I would like to show that $a^n \mid b^n$ implies $a \mid b$
I thought I could convert it to congruences and work backwards, but as far as I remember, $a \equiv b \pmod{m}$ implies $a^n \equiv b^n \pmod{m}$, not the opposite, unless $m$ is prime. Is that right?
So I am not sure how to approach this one. Any ideas?
Hint $\, $ For $\rm\ c =\Large\frac{b}a\, $ it is $\rm\ c^{\large n} = d\in \mathbb Z\ \Rightarrow\ c\in \mathbb Z.\:$ Now apply the Rational Root Test to $\rm\ x^{\large n}-d$
Notice again, just as in your prior few questions, converting it from divisibility relational form into equational form helps us to solve it efficiently. Here it allows us to notice that the problem is simply the special monic case of the Rational Root Test. Recall that this says that the leading coefficient of a polynomial $\rm\ f(x)\in \mathbb Z[x]\ $ serves as a denominator for all its rational roots. In particular, when the leading coefficient is one this implies that every rational root can be written with denominator $= 1$, i.e. is an integer. This is a fundamental property in number theory. Indeed it is the property that is used to generalize the notion of integer from rationals to algebraic number fields.

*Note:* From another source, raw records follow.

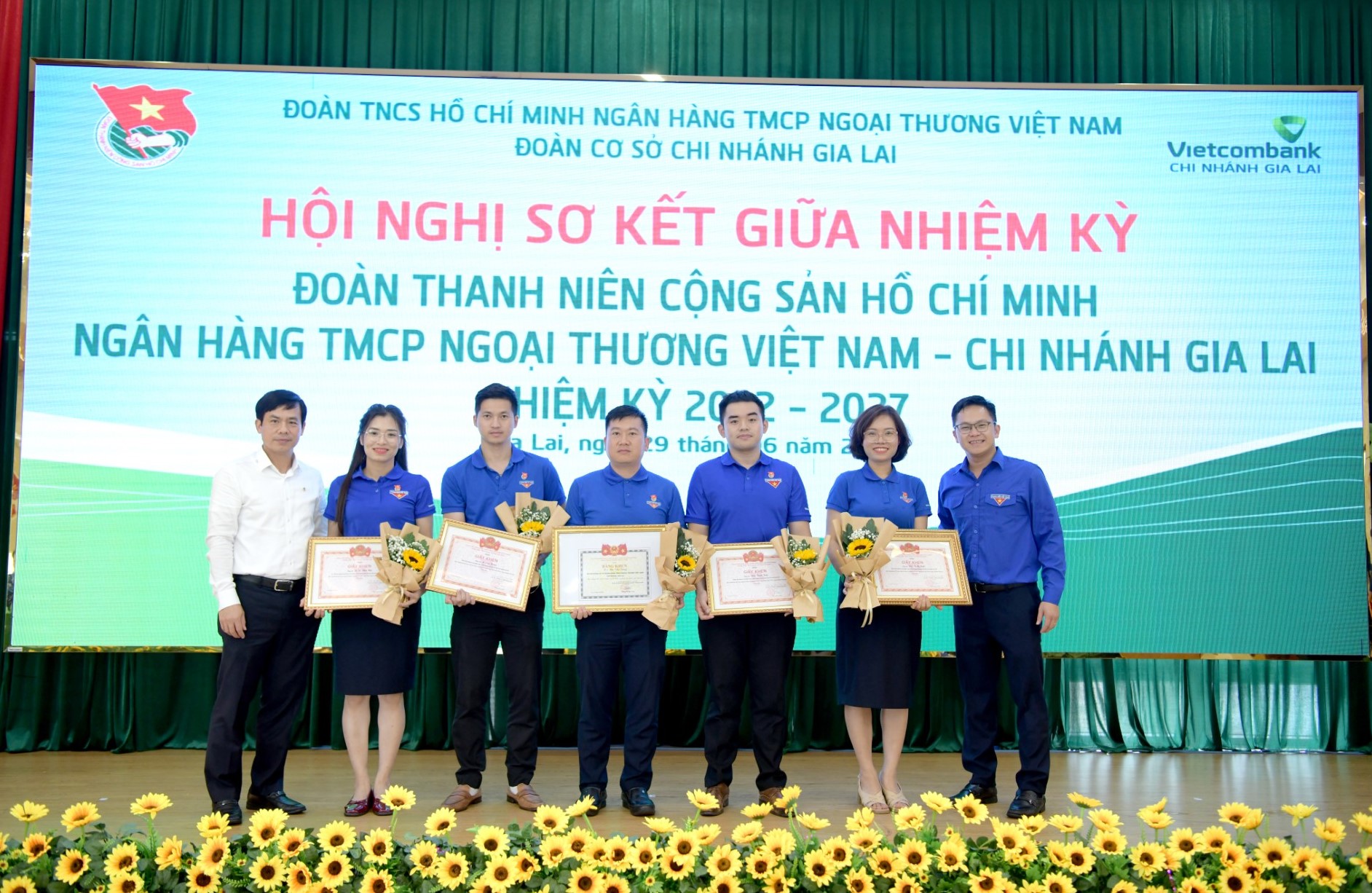 Đồng chí Nguyễn Minh Tuân - Uỷ viên BCH Đảng bộ Vietcombank Gia Lai, Phó Giám đốc chi nhánh, Chủ tịch công đoàn cơ sở (ngoài cùng bên trái), đồng chí Lê Xuân Dũng - Ủy viên BCH Đoàn Vietcombank, Cụm trưởng Cụm hoạt động Đoàn khu vực Nam Trung Bộ và Tây Nguyên (ngoài cùng bên phải) trao giấy khen và hoa cho các đồng chí có thành tích trong công tác Đoàn và phong trào thanh niên năm 2024 cấp Đoàn Khối Doanh nghiệp Trung ương và cấp Đoàn Vietcombank
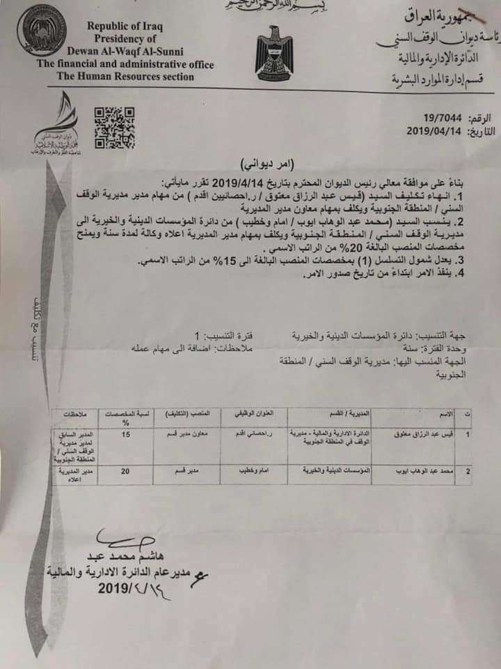 بالوثيقة.. تكليف مدير جديد لإدارة الوقف السني في الجنوب بالوكالة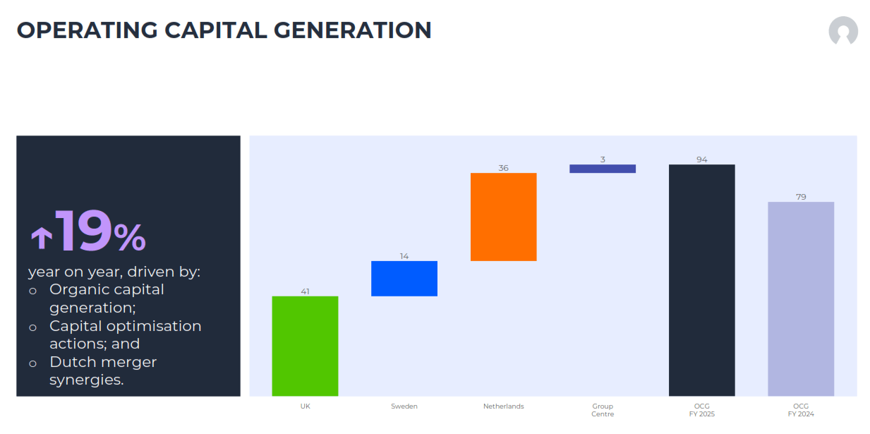 The Netherlands contributed £36 million of OCG, more than Sweden and nearly as much as the UK. The Dutch merger synergies are already visible. Note that these figures exclude any contribution from HSBC Life, which only completed in January 2026. (Source: Chesnara FY2025 Investor Presentation)

For some generalizations see my post here. Here's a pertinent excerpt:
Theorem $\:$ TFAE for $\rm\: a,b\: $ in domain $\rm\:Z\:,\ \: r \in Q \:=\:$ fraction field of $\rm\: Z\:,\ n\in \mathbb N$
$(1)\ \ \rm\ \ r = \sqrt[n]a \ \Rightarrow\ r \in Z$
$(2)\ \ \rm\ \ r^n \in \:Z \ \ \Rightarrow\ r \in Z$
$(3)\ \ \rm\ \ \ a^n\:|\:b^n \ \ \Rightarrow\:\ a\:|\:b$
$(4)\ \ \rm\ \ (a^n) = (b^n,\: c^n) \ \Rightarrow\ (a) = (b,c)\ $ as ideals in $\rm\:Z$
Hint:
Write $b^n = q_1^{n \alpha_1} \dots q_k^{n \alpha_k}$, where $\alpha_i > 0$. If $a^n | b^n$, then $a^n = q_1^{n \beta_1} \dots q_k^{n \beta_k}$, where $0 \leq \beta_k \leq \alpha_k$.
Any prime $p$ that divides $a$ $k$ times, is such that $p^n$ divides $a^n$ $nk$ times and thus $b^n$ as well. But if a prime divides $b^n$ $nk$ times, it divides $b$ $k$ times as well. So every prime divisor of $a$ is one of $b$, with at least the same multiplicity.
Here is a different, though inelegant way to prove the proposition.
Suppose that $a \nmid b.$
Let $a = kx$, $b = ky$, with $k = \gcd(a,b)$. Then, it is easy to show that $x\nmid y.$
$$\implies x^n \nmid y^n $$
since if $\gcd(x^n, y^n) \neq 1$, then for some prime $p$, $\:p \mid x^n, y^n \implies p\:| \:x, y$, which is in contradiction with the coprimality of $x$ and $y$.
$$\implies k^nx^n \nmid k^ny^n $$
$$\implies a^n \nmid b^n $$
Thus $a^n \mid b^n \implies a \mid b$.